- DATA BLOCK:
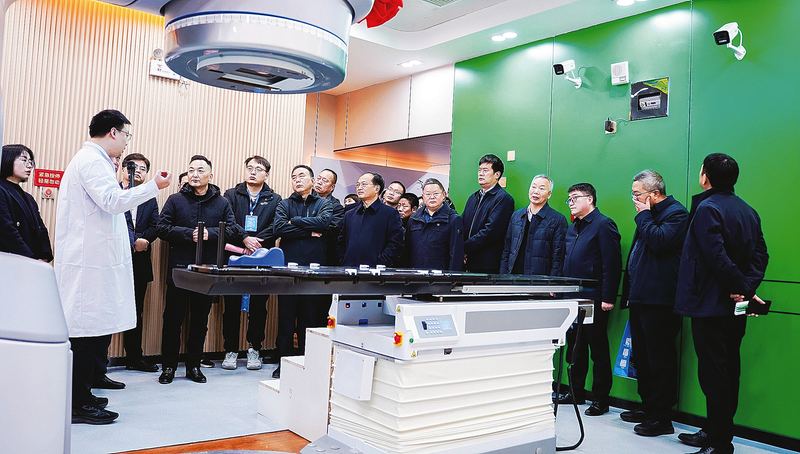 11月27日,山陽縣人民醫院舉行放療中心直線加速器開機儀式,腫瘤科醫師向參觀人員講解直線加速器的基本原理及科室業務開展情況。
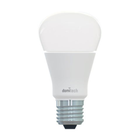 Светодиодная LED лампа Domitech для удаленного управления освещением. Проста в установке — нужно заменить существующую лампу на Domitech и вы всегда сможете управлять освещением с помощью вашего смартфона. Лампа светит теплым цветом, мощность свесчения эквивалентна 65Вт. Стандарт E27.
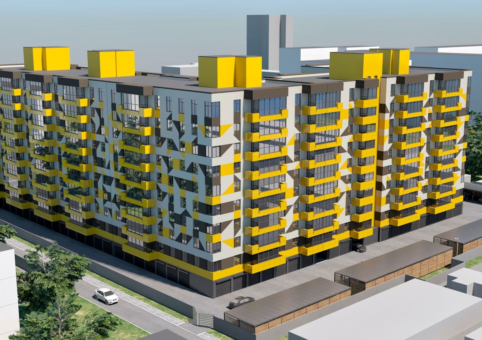Территория ЖК закрыта от посторонних людей и автомобилей. Охрана дома предусматривает установку видеонаблюдения. Владельцы квартир могут парковать свои машины на открытых стоянках с навесом или приобрести индивидуальный гараж с установленными роллетами.

- WHAT TO DO:
A verbatim rendering of the listing above is required, without any of its pictures.

- RESULT:
 11月27日,山陽縣人民醫院舉行放療中心直線加速器開機儀式,腫瘤科醫師向參觀人員講解直線加速器的基本原理及科室業務開展情況。
 Светодиодная LED лампа Domitech для удаленного управления освещением. Проста в установке — нужно заменить существующую лампу на Domitech и вы всегда сможете управлять освещением с помощью вашего смартфона. Лампа светит теплым цветом, мощность свесчения эквивалентна 65Вт. Стандарт E27.
Территория ЖК закрыта от посторонних людей и автомобилей. Охрана дома предусматривает установку видеонаблюдения. Владельцы квартир могут парковать свои машины на открытых стоянках с навесом или приобрести индивидуальный гараж с установленными роллетами.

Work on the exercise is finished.